In particular we think that the combination will strengthen BJ’s presence in the international markets, giving us a way to enhance our growth overseas. In some markets, we have been at a disadvantage as a stand-alone company. We haven’t been able to create a meaningful presence and critical mass in some markets. Plus we are finding that many of the pressure pumping jobs are being bundled into larger integrated projects and as part of Baker Hughes, we will be able to better position and to pursue business in respect to these new integrated projects as they come forth in the future.
The management team of BJ is looking forward to working closely with our counterparts at Baker Hughes and I am looking forward to continuing to contribute to the business as a member of the Baker Hughes Board of Directors. Now I will turn it back over to Chad.
Chad Deaton - Baker Hughes — Chairman, President and CEO
Okay. Thank you, Bill.

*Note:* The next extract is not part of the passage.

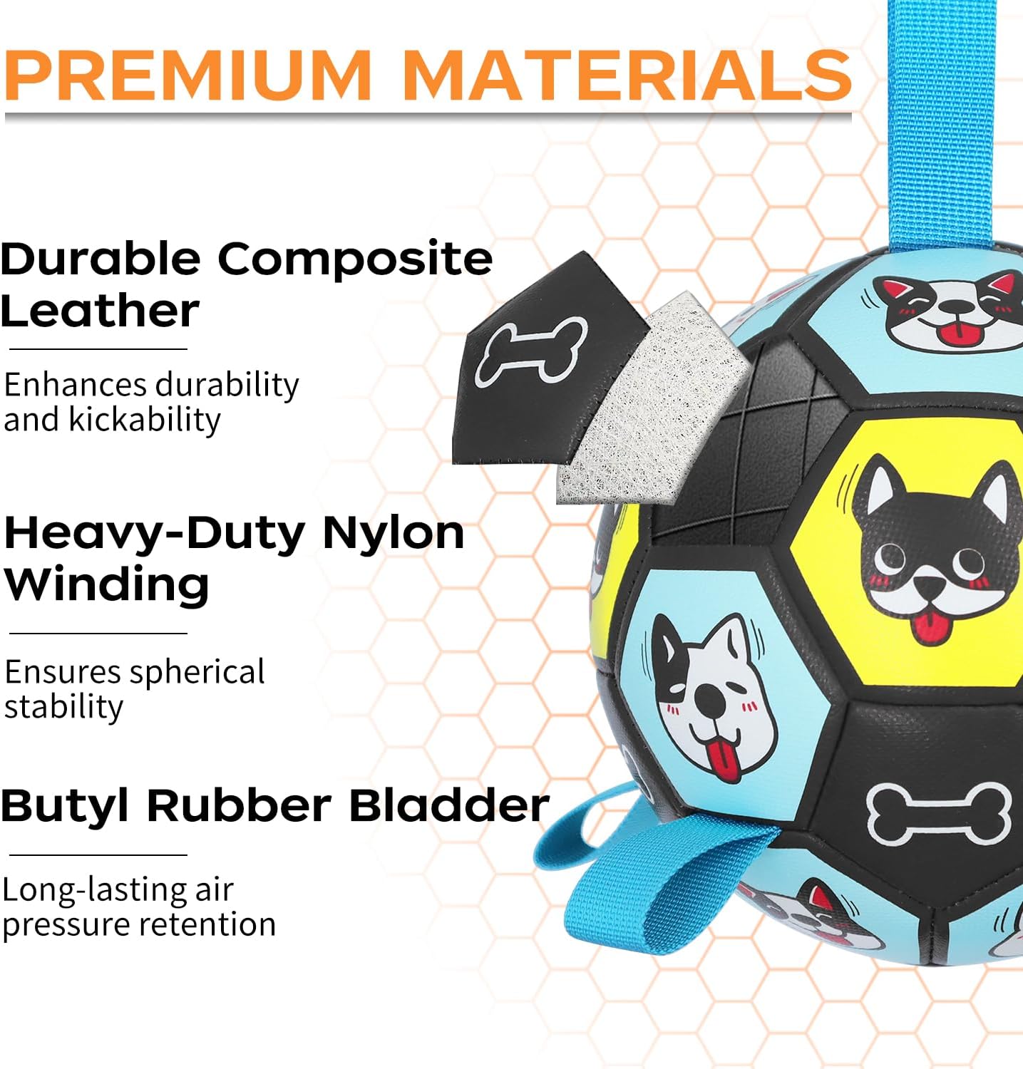 SAFE & DURABLE MATERIAL- Crafted from premium-quality Composite Leather, our dog soccer balls offer the same robust durability as professional soccer balls and meet rigorous safety standards akin to children’s toys. These balls are ideal for large dogs weighing between 30-90 lbs. Get ready for some high-energy playtime!

So in conclusion, as we stated, we think this deal makes sense strategically for us. We are excited about it and we are ready to move forward once we are able to finally close on this particular deal. With that, Gary, let’s open it up for questions.
Gary Flaharty - Baker Hughes — VP of IR
All right, Natalia, if we could go ahead and open it up for questions. We would ask that everyone limit their selves to one question and a related follow-up question. Natalia?
QUESTION AND ANSWER
Operator
(Operator Instructions) Bill Herbert.
Bill Herbert - Simmons & Co. — Analyst
Good morning, guys. Congratulations. Chad, Peter, just a couple questions from me. First category would be under cost savings, $75 million anticipated for next year and double that the following year. Could you amplify a little bit more with regard to where those are expected to come from because this isn’t a — it is not a sort of a consolidating deal, if you will. So there’s some areas of overlap, but as you said, Chad, it’s really a sort of predominately complementary deal. So walk us through the cost savings.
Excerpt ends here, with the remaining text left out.